INSTRUCTIONS FOR THE TASK:
Could you restate word for word the lines running from the one with "Unsere Bouclé-Jackett in" to the end of the data, both ends included, but without pictures?

INFORMATION SHOWN:
= = = = =
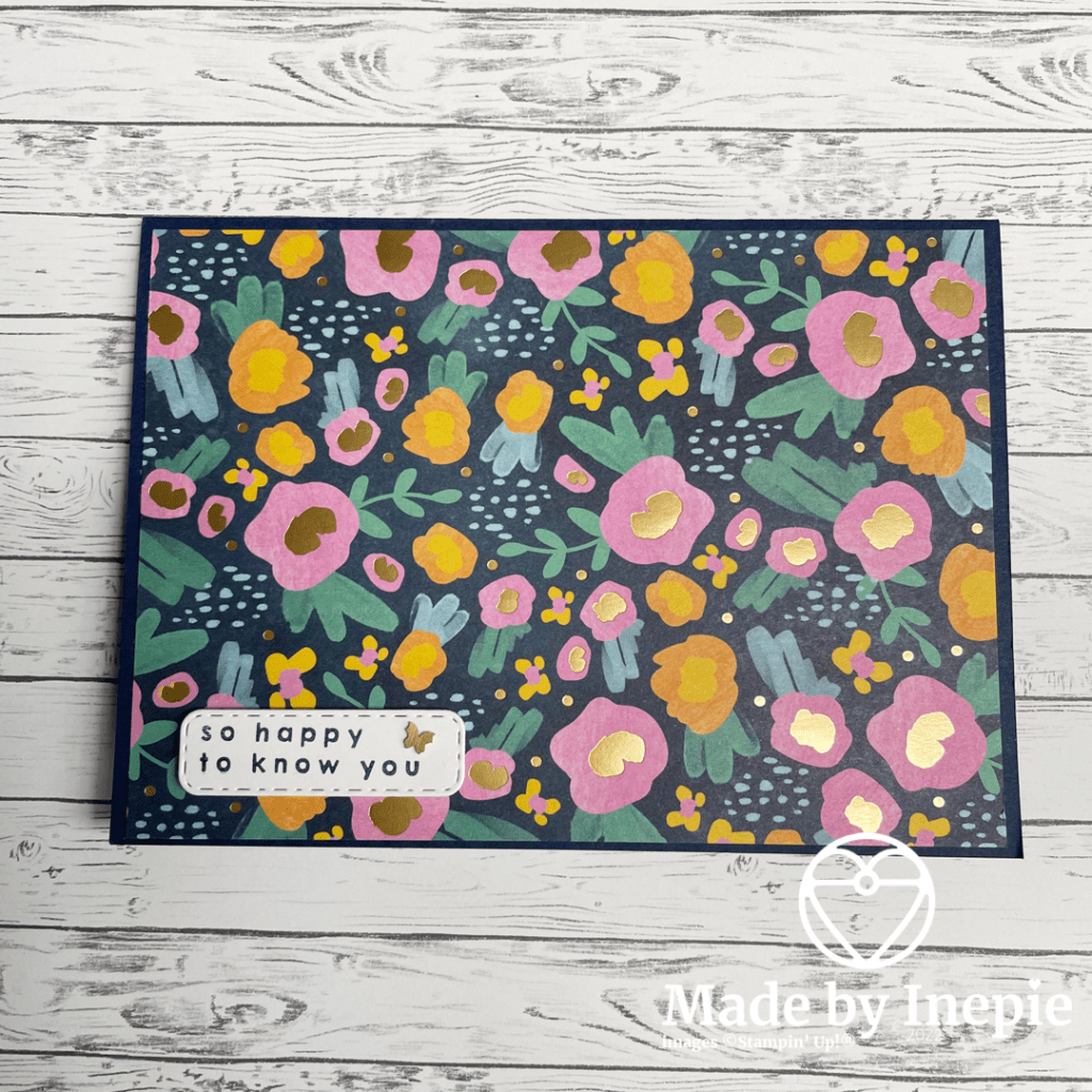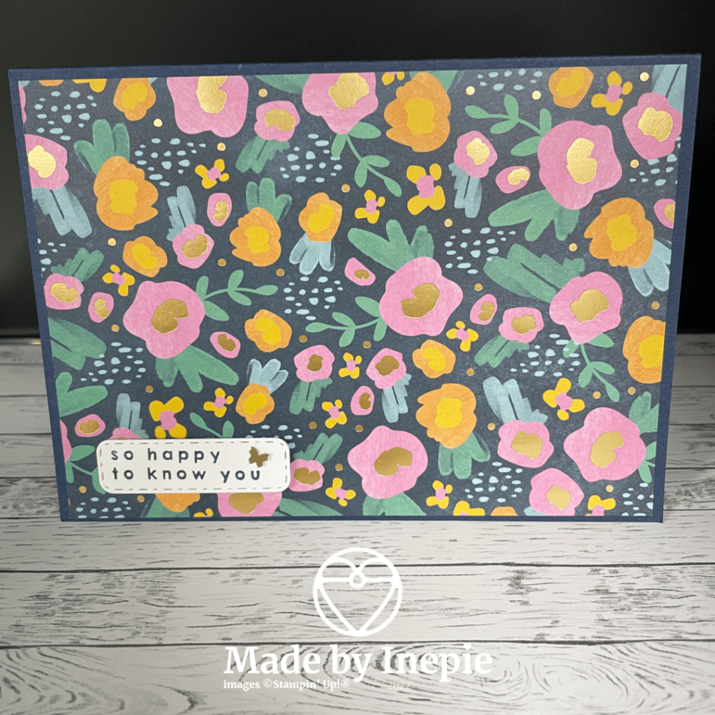 De basiskaart kaart is in Night of Navy en daar heb ik de mat van Dsp opgeplakt. Het papier is zo mooi dat het niet meer nodig heeft dan een sentiment en een vlindertje voor de Blingbling.
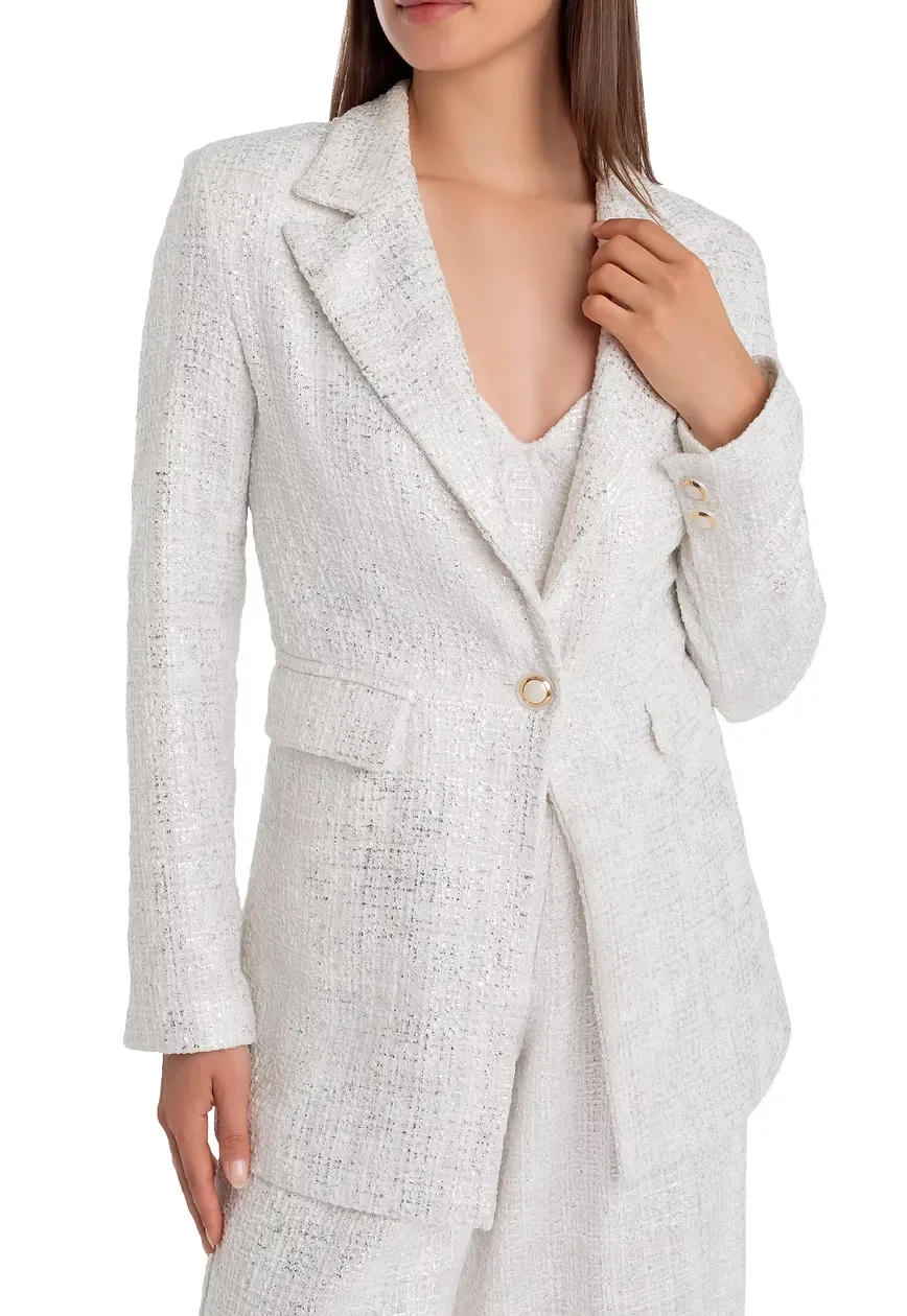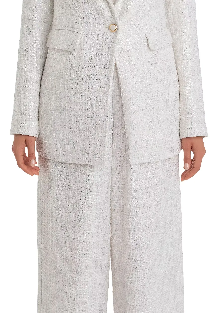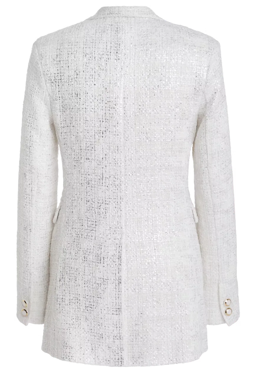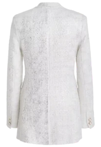 Unsere Bouclé-Jackett in Weiß und Silber vereint modernen Stil mit luxuriöser Eleganz. Das hochwertige Bouclé-Gewebe sorgt für einen einzigartigen Look, der sowohl casual als auch chic kombiniert werden kann. Jackie O. would love it….
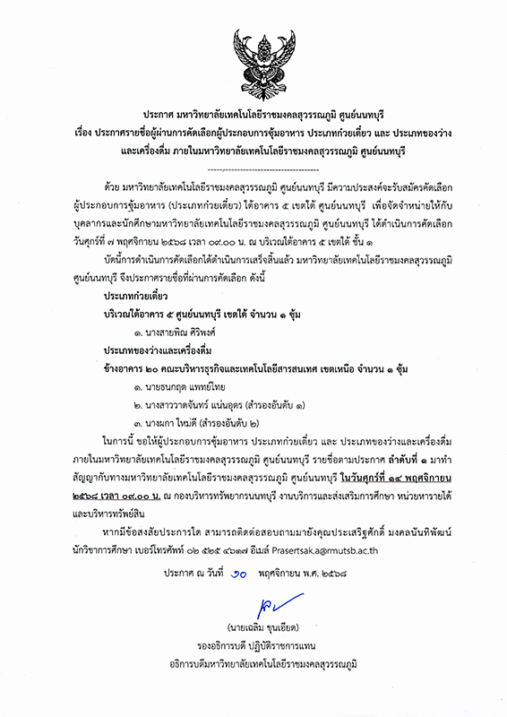 ประกาศ มทร.สุวรรณภูมิ ศูนย์นนทบุรี เรื่อง ประกาศรายชื่อผู้ผ่านการคัดเลือกผู้ประกอบการซุ้มอาหาร ประเภทก๋วยเตี๋ยว และ ประเภทของว่างและเครื่องดื่ม
= = = = =
ANSWER SECTION:
 Unsere Bouclé-Jackett in Weiß und Silber vereint modernen Stil mit luxuriöser Eleganz. Das hochwertige Bouclé-Gewebe sorgt für einen einzigartigen Look, der sowohl casual als auch chic kombiniert werden kann. Jackie O. would love it….
 ประกาศ มทร.สุวรรณภูมิ ศูนย์นนทบุรี เรื่อง ประกาศรายชื่อผู้ผ่านการคัดเลือกผู้ประกอบการซุ้มอาหาร ประเภทก๋วยเตี๋ยว และ ประเภทของว่างและเครื่องดื่ม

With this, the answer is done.